According to the QS World University Rankings for 2024, the university was placed within the 751–760 range globally, and ranked 39th nationally. In the 2024 Times Higher Education World University Rankings, it was positioned within the 501–600 global bracket, while holding a national rank between 42 and 45. The Academic Ranking of World Universities from 2023 indicates a global ranking between 701–800, and a national standing ranging from 41 to 42.
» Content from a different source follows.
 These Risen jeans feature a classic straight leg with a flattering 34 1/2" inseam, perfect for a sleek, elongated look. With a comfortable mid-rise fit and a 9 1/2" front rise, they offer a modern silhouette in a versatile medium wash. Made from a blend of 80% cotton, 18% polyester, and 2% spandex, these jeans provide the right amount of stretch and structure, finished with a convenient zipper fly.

== Governmental testing and certification work ==
Commonly known in Germany, and particularly in the field of passive fire protection, as TU Braunschweig, its iBMB Institute has been accredited by the German Institute for Building Technology (Deutsches Institut für Bautechnik) and has, for decades, performed public testing for the purpose of establishing fire-resistance ratings of products and systems for manufacturers. iBMB also assists the DIBt in third-party vendor inspections (product certification) and quality control testing, in an effort to maintain DIBt approvals. iBMB was also instrumental in leading the Eureka project, which has become a guideline for building codes and regulations governing fire protection measures for traffic tunnels.
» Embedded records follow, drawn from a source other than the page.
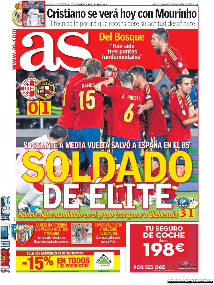 RASSEGNA STAMPA SOLDADO SPAGNA GEORGIA – Contro una Georgia corsara, la Spagna campione del mondo e d’Europa si salva all’86’ grazie al Soldado che entra a far parte dei calciatori d’elitè. Per Del Bosque sono stati conquistati tre punti fondamentali nonostante sia mancata la concretezza sotto porta.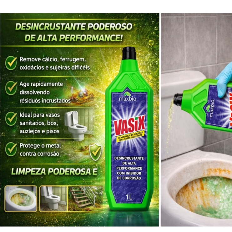 Desincrustante Vasix Maxbio Removedor de Crostas Vaso Sanitário Remove Cálcio e Ferrugem 500ml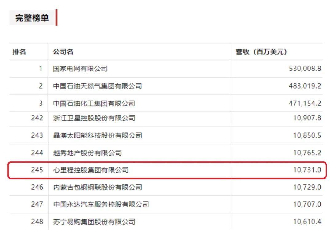 7月25日,財富Plus APP發(fā)布了2023年《財富》中國500強排行榜。心里程集團以10731百萬美元營收榮登榜單第245位。
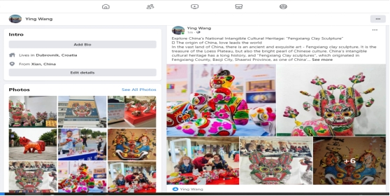 国际推广宣传,非遗韵动世界。7月18日,为了更好地助推非遗泥塑扩大宣传、推广,团队成员建立了遗风继韵工作室官方微信公众号,不定期持续推送关于非遗泥塑的相关信息。同时,团队成员还积极拓展国际宣传,团队成员中广播电视编导和播音与主持艺术专业的学生辅助英语专业的学生在调研泥塑村期间完成了英文国际推广视频的拍摄、剪辑以及Facebook网站的推广等工作,同时将非遗泥塑的图文推广到国外平台以及产品编辑投放到了国外售卖平台ozon上,充分体现了培华学子跨专业融合、积极推广非遗传统文化的使命责任担当。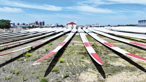 7月4日,在张北艾郎风电科技发展有限公司,一支支风电叶片整齐排列,等待发往外地。 吴孟忱摄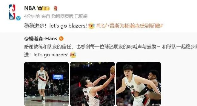 而NBA的官方账号也对杨瀚森送上祝贺,称赞他的表现是“一鸣惊人”“梦幻脚步!

Special torsion test rig at iBMB / TU Braunschweig, for use in full-scale fire testing of passive fire protection systems
Full-scale floor furnace at iBMB / TU Braunschweig, for use in fire testing of passive fire protection systems

== Notable people ==

Current and former members of the TU Braunschweig include the mathematicians Carl Friedrich Gauss and Richard Dedekind, Nobel Prize laureates Klaus von Klitzing, Manfred Eigen, and Georg Wittig, aerospace engineer Adolf Busemann, the former CEOs of SAP, Metro Group, and Henkel (Henning Kagermann, Erwin Conradi, and Konrad Henkel), BMW CEO Harald Krüger, Porsche and Volkswagen CEO Oliver Blume, Airbus Defence and Space CEO Dirk Hoke, Siemens Mobility CEO Michael Peter, former Eurocopter CEO Lutz Bertling, and truck engineer and entrepreneur Heinrich Büssing founder of Büssing AG (merged with MAN), engineer and founder of Claas KGaA mbH August Claas and world-renowned architect Meinhard von Gerkan.